EU reaches political agreement on the Retail Investment Strategy: key advocacy wins for ABBL
Published on 28 December 2025
A political agreement on the EU’s Retail Investment Strategy (RIS) was reached overnight on 17 December, marking a major milestone in the Savings and Investments Union agenda for retail investors. Negotiators from the European Parliament and the Council announced an informal deal on new rules designed to help retail clients invest in quality financial products, with a focus on value for money, clearer advice, and improved disclosures.
Summary
Client categorisation: a calibrated opening for experienced investors
Under the new rules, more experienced and knowledgeable investors will, under defined criteria, have the option to opt into professional client status. This calibrated flexibility will enable such investors to access a broader range of investment products while maintaining a high level of protection for genuinely retail clients.
This approach aligns closely with ABBL’s proposal to facilitate access to professional status for those able to make informed investment decisions, thereby supporting capital markets funding and investor empowerment.
Value for money across MiFID, IDD, UCITS and AIFMD
The political agreement goes further by introducing a horizontal value-for-money framework across retail investment products.
This cornerstone measure will require:
- product manufacturers and distributors to assess costs, performance and key product features against objective peer-group benchmarks
- supervisory benchmarks developed by EIOPA (for IDD products)
Products that fail to demonstrate adequate value will need to be reviewed, redesigned or withdrawn before being marketed to retail investors. This measure aims to curb excessive fees and encourage simpler, more transparent and competitively priced solutions, ultimately improving returns for end investors.
Inducements: stricter tests and transparency, with national flexibility maintained
Inducement regimes are overhauled through more restrictive tests and enhanced transparency on third-party payments. Annual disclosures will also need to show more clearly the cumulative impact of all costs and charges on net returns.
The compromise confirms the Council’s “inducement test”, which has been moved from Level 2 to Level 1 to ensure greater legal clarity and supervisory consistency.
Investor journey: advice clarity, light suitability test, and digitalisation
The agreement introduces several simplifications to improve the investor experience and align rules with evolving digital practices.
- Removal of the proposed new “best interest” test, replaced by a recital confirming firms’ existing duty to act honestly, fairly and professionally in clients’ best interests
- Extension of the light suitability test to well-diversified, non-complex and cost-efficient instruments, with fewer data requirements for clients
- Removal of portfolio depreciation notification rules, previously triggered by 10% value drops, to prevent panic selling in volatile markets
- A recital on digital transformation, recognising the opportunities and risks of online distribution and clarifying that advice may be provided either in person or online, with Level 2 acts to follow in order to ensure legal certainty
Reports, review and transposition
For ease of reference, you can access the European Parliament publication here: Deal on new measures to boost citizens’ investments in financial markets
- The agreed text is still provisional and will now need to be formally approved by both Parliament and the Council before it can be published in the Official Journal and enter into force.

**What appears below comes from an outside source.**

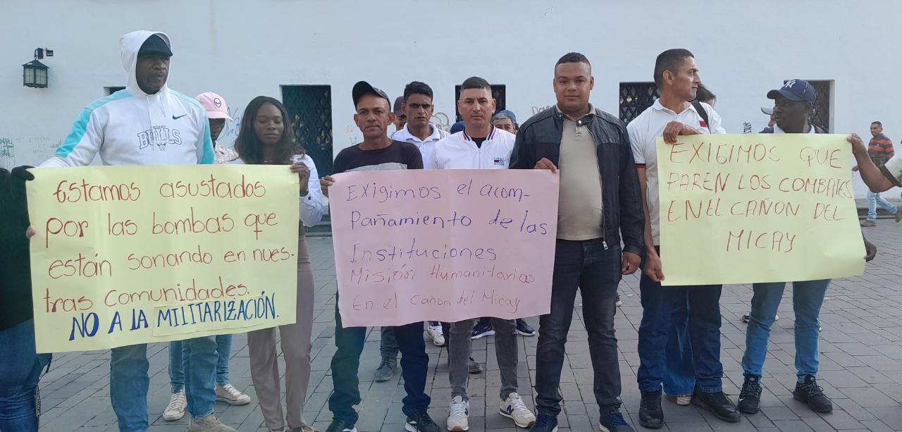 Juan Pablo Giraldo, líder, narró que “estamos pidiéndole al Gobierno que pare la ofensiva en el Cañón del Micay. Somos los campesinos los que estamos sufriendo los bombardeos. Tenemos niños asustados por las ‘bombas’ que han caído. La gente no sabe qué hacer”.

- Technical work on follow-up measures and implementation details is expected to continue under the incoming Cyprus Presidency of the Council of the EU, which will run from 1 January to 30 June 2026.
- With an expected application date around 24 months after entry into force, the earliest realistic date for the new RIS rules to apply in practice would therefore be towards the end of 2028, giving firms a substantial (if busy) runway for implementation.
ABBL will continue to monitor the follow-up technical work closely and will provide its members with detailed technical analysis once the final legislative text and implementation roadmap are confirmed.